This one is in the running for the headline of the year – “Buddhist ‘Iron Man’ found by Nazis is from space“:
A Buddhist statue brought to Germany from Tibet by a Nazi-backed expedition has been confirmed as having an extraterrestrial origin.
Known as the ‘iron man’, the 24-centimetre-high sculpture may represent the god Vaiśravaṇa and was likely created from a piece of the Chinga meteorite that was strewn across the border region between Russia and Mongolia between 10,000 and 20,000 years ago, according to Elmar Buchner, of the University of Stuttgart in Germany, and his colleagues.
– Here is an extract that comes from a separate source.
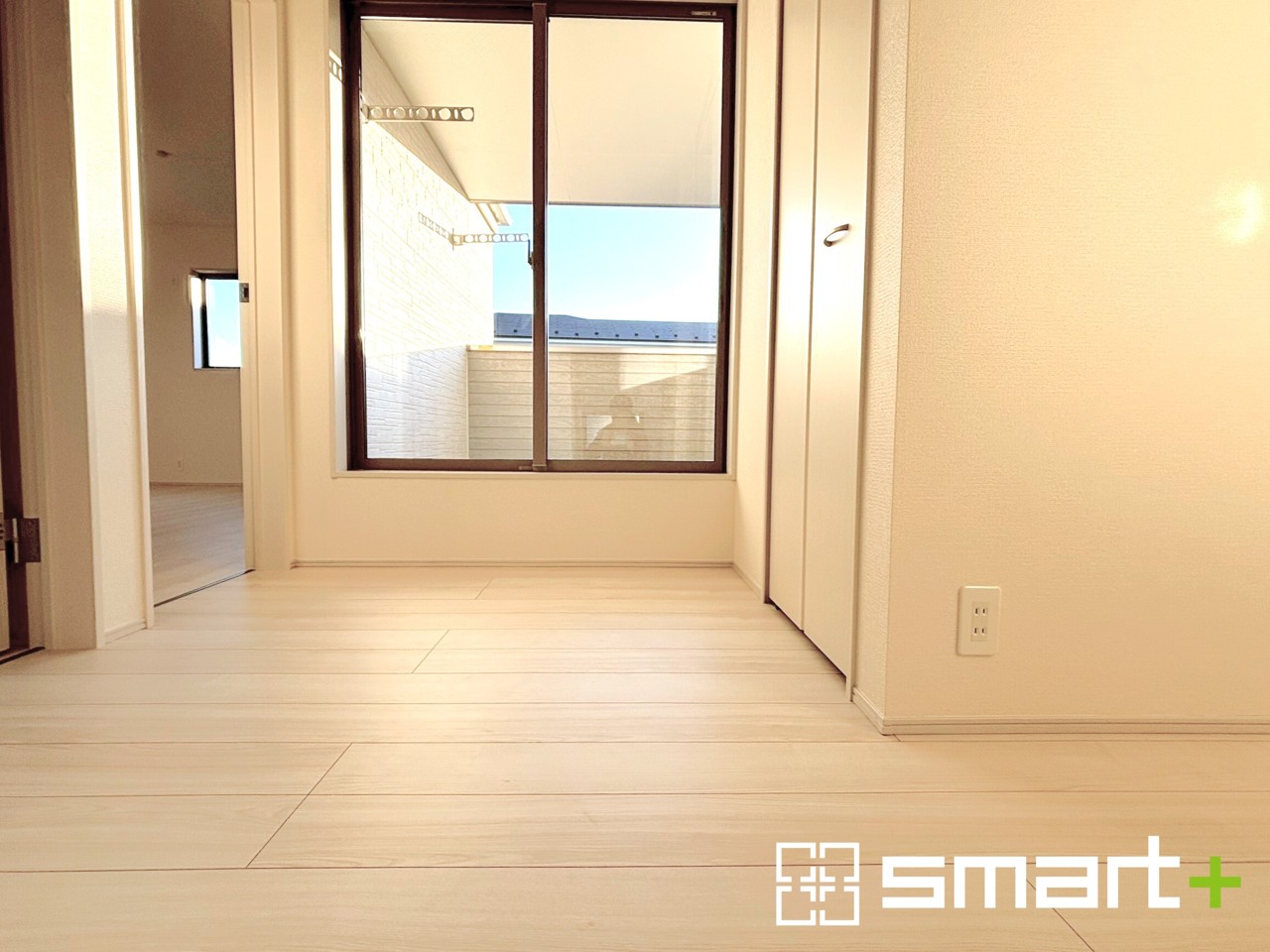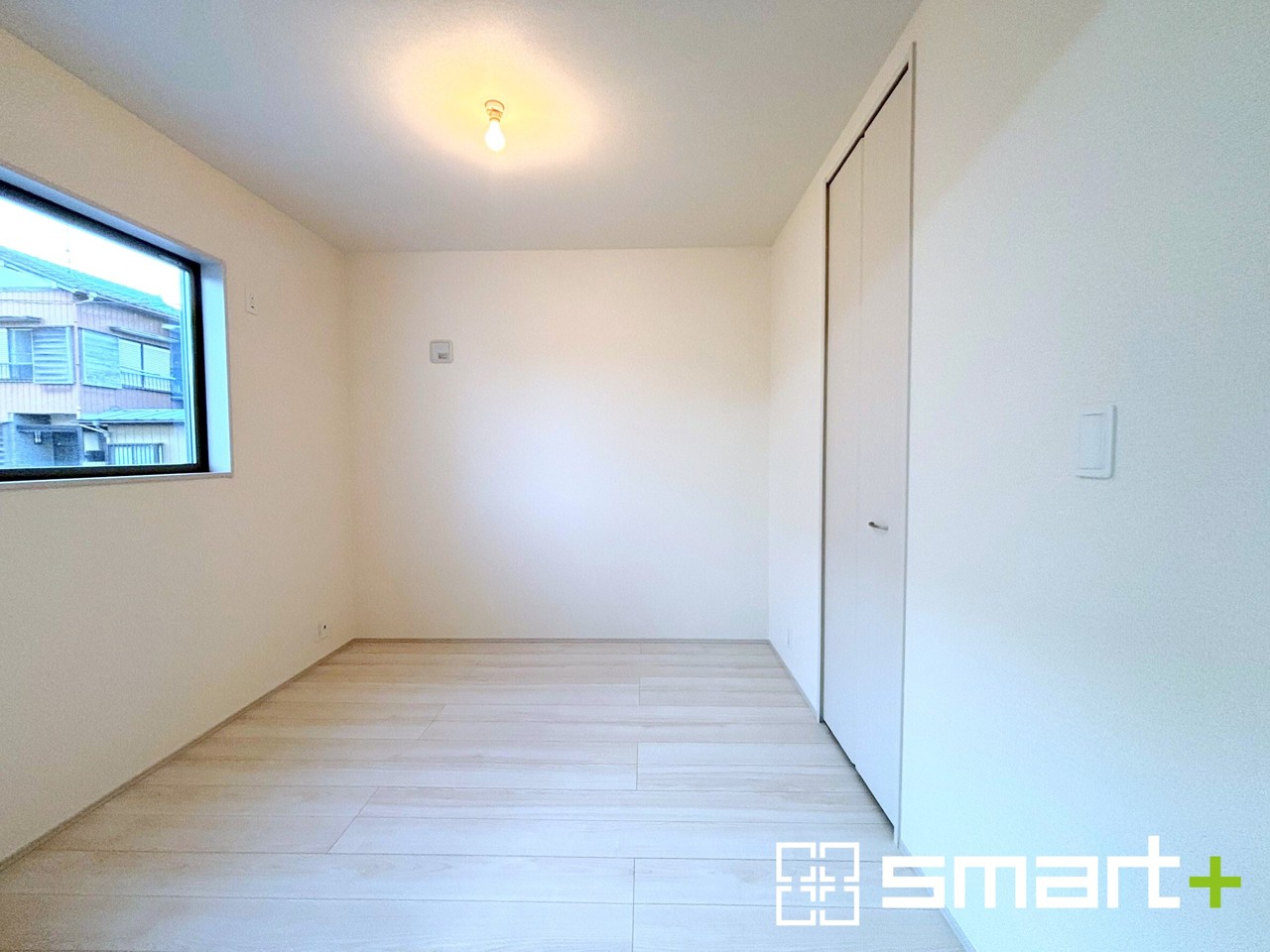 1号棟 ~収納豊富な洋室~ ・各居室に備え付けの収納をご用意。タンスなどを置く場合と比べ出っ張らないので部屋の中を有効のご活用いただけます。 ・収納の広さなどぜひ現地でご確認くださいませ。

Given the extreme hardness of the meteorite — “basically an inappropriate material for producing sculptures” the paper notes — the artist or artists who created it may have known their material was special, the researchers say. Buchner suggests that it could have been produced by the 11th century Bon Ben [Corrected 27/9] culture, but the exact origin and age of the statue — as opposed to the meteorite it is made from — is still unknown. It is thought to have been brought to Germany by a Nazi-backed expedition to Tibet in 1938–39. The swastika symbol on the piece — a version of which was adopted by the Nazi party — may have encouraged the 1938 expedition to take it back with them.
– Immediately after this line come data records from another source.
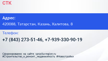 СТК по адресу 420088, Татарстан, Казань, Халитова, 8 в дальнейшем Организация, размещена в следующих категориях:
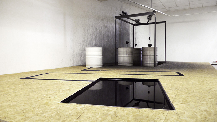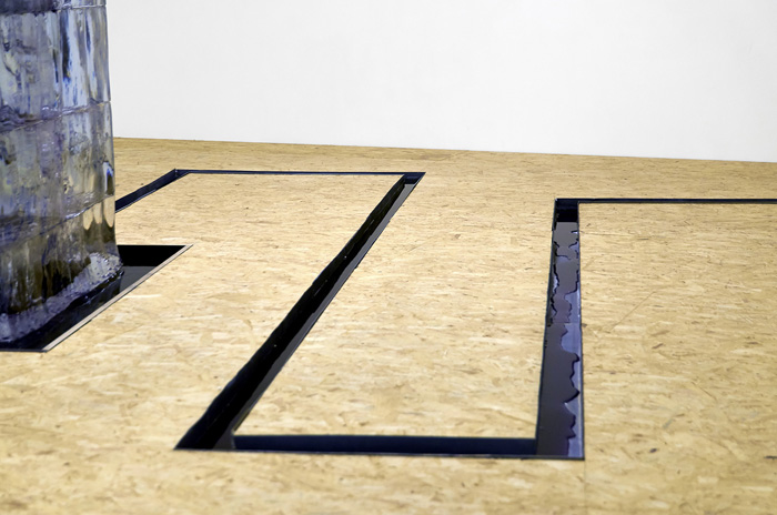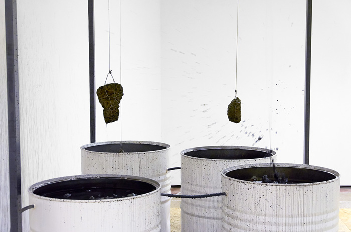 Glace, encre, bois, plomb, pompe à eau, motorisation, fûts, pierres de tuf, 800 x 450 x 250 cm
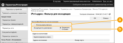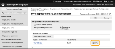 Если IP-адрес введен неправильно, возможно, вы не сможете получить доступ к устройству Remote UI (Удаленный ИП). В этом случае установите <Использовать фильтр>, чтобы <Выкл.> для <Фильтр на выходе>/<Фильтр на входе> в разделе <Фильтр IPv4-адресов> или <Фильтр IPv6-адресов> — с панели управления.

The use of iron from meteors in ancient times is an interesting topic. Cultures all over the world used the heaven-sent nickel-iron alloys, from the Inuit to the ancient Egyptians, and in many places the etymology of the word iron resolves back to ‘fire/thunderbolt/metal from heaven”. One can only imagine in what sort of reverence those ancient people held this seemingly god-given substance.